No it isn’t. Today we have Islamic State militants controlling parts of Syria and Iraq, Russia threatening Ukraine, and Iran pursuing nuclear weapons. Is that really so different than 2011, when the Arab Spring was destabilizing the Arab world, Bashar Assad was gassing his own people in a torrid Syrian civil war, and Iran was pursuing nuclear weapons?

The world will always be a dangerous place. Which is why we need a strong military. All Republicans agree on that. Period. The story behind the GOP budget has little to do with defending the nation. It has everything to do with the deficit. Put another way: All Republicans want a strong military; not all of us want to pay for it.

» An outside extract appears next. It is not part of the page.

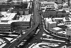 Quer über den Platz verband in den 1970er Jahren eine Stahlbrücke den Kurt-Schumacher-Damm und die Ollenhauerstraße miteinander. Diese wurde im Jahr 1968 gebaut und Anfang der 1980er Jahre abgebaut.[1]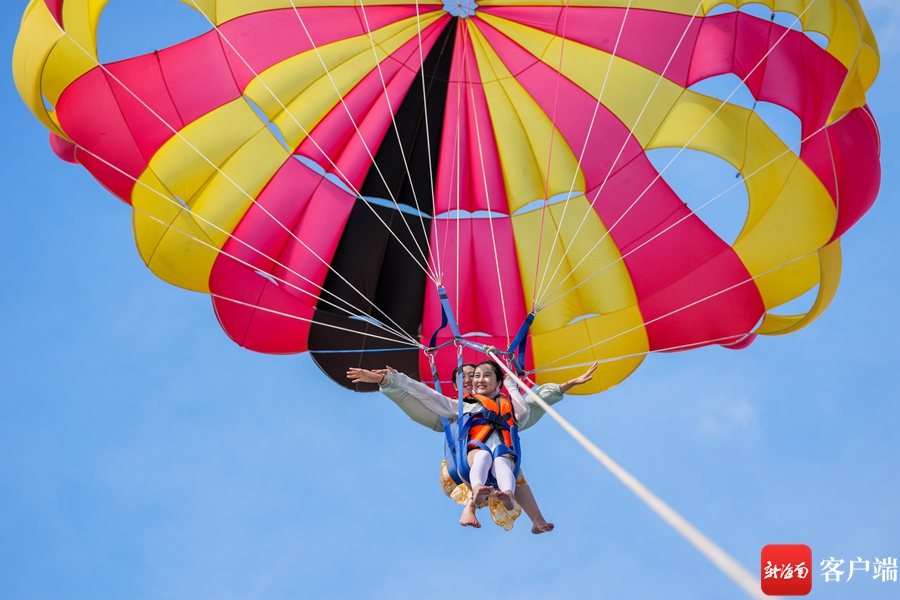 資料圖:游客在三亞蜈支洲島旅游區體驗彩虹拖傘。武昊 攝

“Freedom isn’t free,” Sen. McCain tweeted at fiscal conservatives before the Senate passed a budget using the same gimmick as did the House. Our response: We agree with you, senator. It’s not free. So let’s pay for it. What House and Senate budgets tell people is this: “Defense is important, but let’s borrow the money and let our children pay for it.” That isn’t courage, but the opposite.

Until this budget, Republicans were beginning to convince people that they were serious about reducing spending. GOP budgets in recent years have made hard decisions on everything from defense to Medicare to food stamps. Republicans had begun making the argument that all spending is subject to scrutiny. Now there is a new message: Republicans will cut things they don’t like, but they lack that same conviction on things they like.

Because of the hard decisions that defense hawks and deficit hawks had made together, Republicans were gaining the moral high ground on spending. Last week we lost it, and it will be harder to regain the next time.

Then again, who knows? This fall the debt ceiling will need to be raised again.